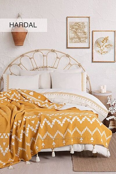 Набор из вареного хлопка с вышивкой и красивым теплым пледом с кисточками
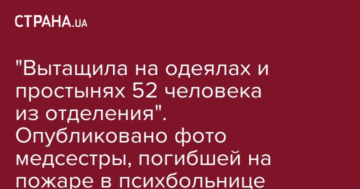 "Вытащила на одеялах и простынях 52 человека из отделения". Опубликовано фото медсестры, погибшей на пожаре в психбольнице Одессы
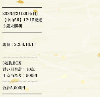 馬券代は1点500円の総額5000円
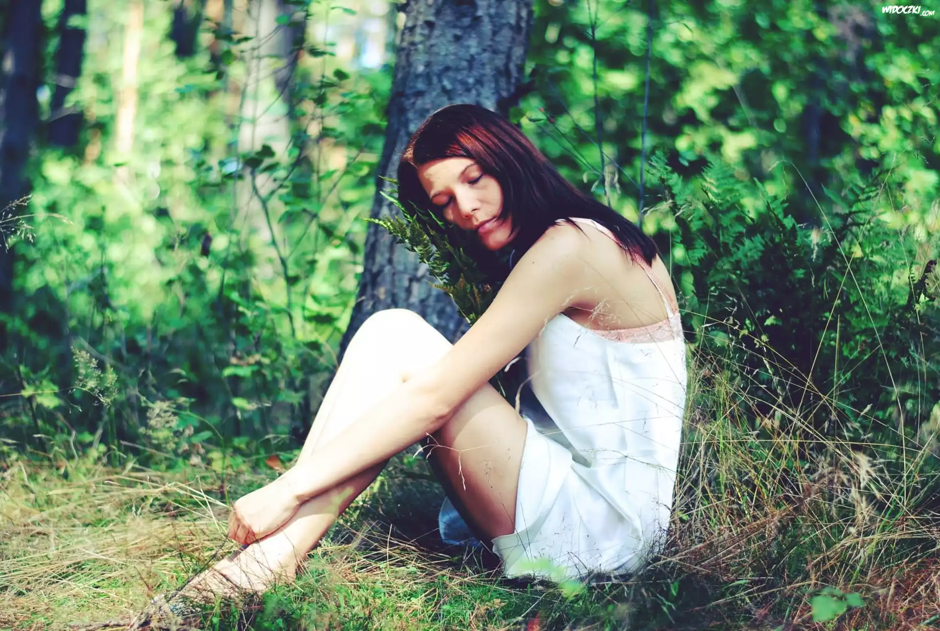 Kobieta, Szatynka, Biała, Sukienka, Las
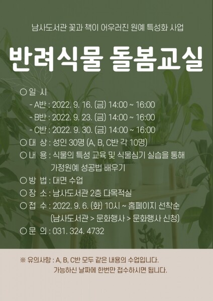 시 관계자는 “반려식물이라는 말이 생길 정도로 식물 키우기가 보편적인 취미활동이 됐지만 관리에 어려움을 겪는 경우가 많아 이번 강의를 마련했다”며 “식물을 더 건강하게 관리하는 방법을 배우고 싶은 시민들이 많이 신청하기 바란다”고 말했다.
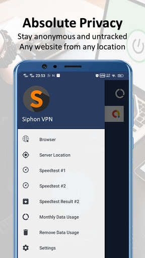 Siphon VPN আপনাকে ট্র্যাক করার বিষয়ে উদ্বেগ ছাড়াই বেনামে ওয়েব ব্রাউজ করতে সহায়তা করে আপনার বাস্তব আইপি লুকানো হবে কারণ ইন্টারনেট পরিষেবা সরবরাহকারী বা অন্য কেউ দ্বারা।
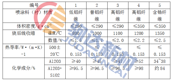 耐火纖維噴涂料(襯)是用專門噴涂機將預處理好的纖維高壓送至噴槍、同時用膠泵將結合劑送至噴槍外環縫隙內,纖維和結合劑邊噴出槍口邊混成一體噴射到受噴面上,便形成噴涂層。然后,用便攜式針刺機進行二次絞織處理,使其成為三維網絡結構,以提高襯體縱向抗拉強度,延長使用壽命。表1-1為耐火纖維噴涂料(襯)的性能。
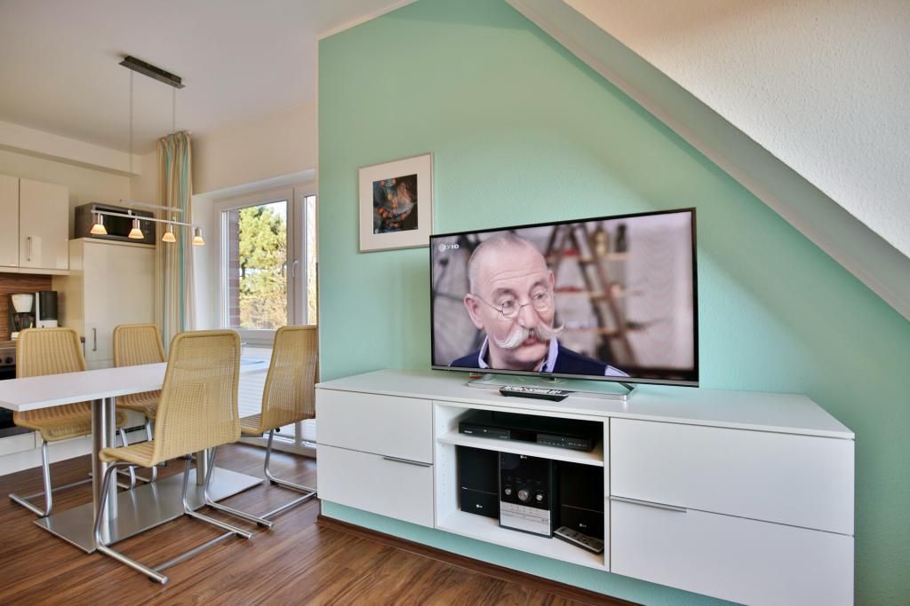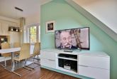 Sehr schöne, helle 3-Raum-Maisonette-Wohnung, 1.Etage, 1 Schlafzimmer mit Doppelb., 1 Schlafzimmer im Dachgeschoss mit Doppelbett und separaten WC, Wohnzimmer mit Küchenzeile (Backofen, Mikrowelle, Geschirrspüler) 2x SAT-TV, CD, DVD, kostenloses W-LAN Internet, Du/Wc, großer Balkon (süd) mit Balkonmöbeln und Sonnenschirm (saisonabhängig), Rollladen, reservierter Pkw-Stellplatz vor dem Haus, keine Haustiere erlaubt, Nichtraucher.
++++
== ASSIGNED TASK ==
From the data above, return only the lines starting at the line that holds "Kobieta, Szatynka, Biała, Sukienka, Las" and ending at the line that holds "Siphon VPN আপনাকে", word for word and without pictures.

== RESPONSE BELOW ==
 Kobieta, Szatynka, Biała, Sukienka, Las
 시 관계자는 “반려식물이라는 말이 생길 정도로 식물 키우기가 보편적인 취미활동이 됐지만 관리에 어려움을 겪는 경우가 많아 이번 강의를 마련했다”며 “식물을 더 건강하게 관리하는 방법을 배우고 싶은 시민들이 많이 신청하기 바란다”고 말했다.
 Siphon VPN আপনাকে ট্র্যাক করার বিষয়ে উদ্বেগ ছাড়াই বেনামে ওয়েব ব্রাউজ করতে সহায়তা করে আপনার বাস্তব আইপি লুকানো হবে কারণ ইন্টারনেট পরিষেবা সরবরাহকারী বা অন্য কেউ দ্বারা।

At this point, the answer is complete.